In this case you assumed that $X \sim \mathcal N[0,1]$. In particular $X$ is a continuous variable. In measure theory we say that the distribution of $X$ is absolutely continuous w.r.t. to Lebesgue measure. The Radon-Nikodym theorem then guarentees the existence of an $f_X$ with the property you have stated, so that we can apply the change of variable formula to make the computation of the expectation easier. Without the change of variable formula, we would have to compute the expectation with the definitions of expectations for indicator functions then simple functions then (?simple integrable then $L_1$ then?) nonnegative functions and then measurable functions.. But, again, this is a particular example, where $X$ is continuous. The measure-theoretic definition of expectation is much more general.
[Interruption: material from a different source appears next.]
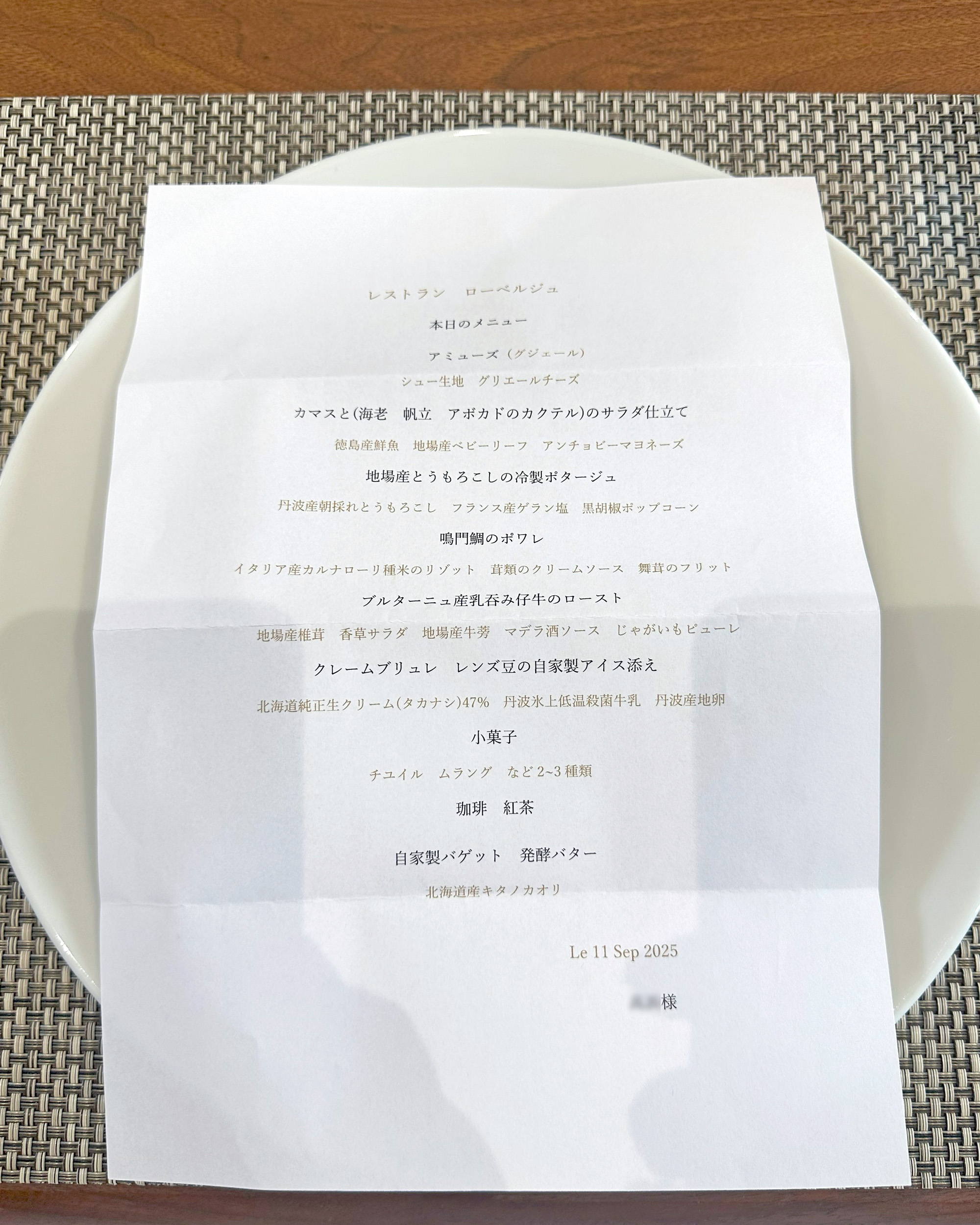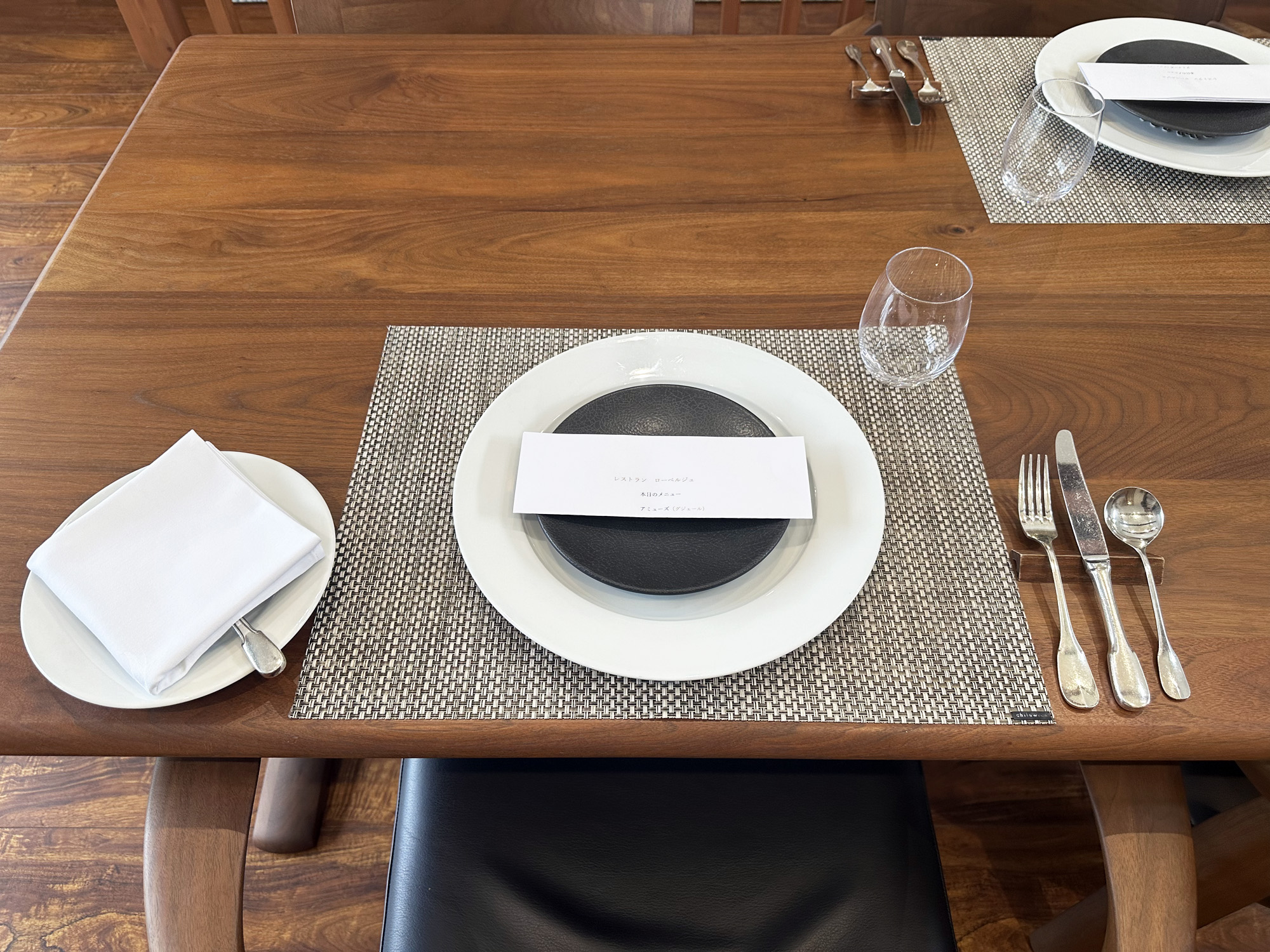 テーブルセットには本日のメニューが添えられていて、そのメニューには予約者の名前が記されていて、自分の為に用意された料理への特別感と期待感に心が高鳴ります。

What is the meaning of $P(dω)$?

It doesn't mean anything. It is a notational crutch, like writing $\lim\limits_{n\to \infty} a_n$ instead of $\lim a$. It becomes useful, if you have multiple nested integrals / integrate w.r.t. to product measures.

Answer 2

The probability space is abstract (We know, or suppose it exists but we don't care how it looks). By Radom-Nikodym Theorem, if a measure $\nu$ is absolutely continuous with respect to other $\mu$, this is $\forall A\in\mathcal{F},\mu(A)=0\implies\nu(A)=0$, if both are $\sigma$-finite, there is a measurable function $f$ such that $$\forall A\in\mathcal{F},\nu(A)=\int_Af\mathrm{d}\mu $$ Besides you prove that in this case for all measurable function $g$ we have that $$\int g\mathrm{d}\nu=\int fg\mathrm{d}\mu$$ in this case $\nu(\dot{})=\int_{\dot{}}f_X\mathrm{d}x,\mu=\mathrm{d}x=$lebesgue measure, obviously $f=f_X$ and $g$ is the random variable $X$. $P(dw)$ is just notation.

Answer 3

You can use the following derivations:

$\int X dP = \int t dPX^{-1}(dt) = \int t dF = \int t f_{X} dx$ where F is the distribution function for $X$ and $PX^{-1}$ is the pull back measure given by $PX^{-1}(B)=P(X^{-1}(B))$.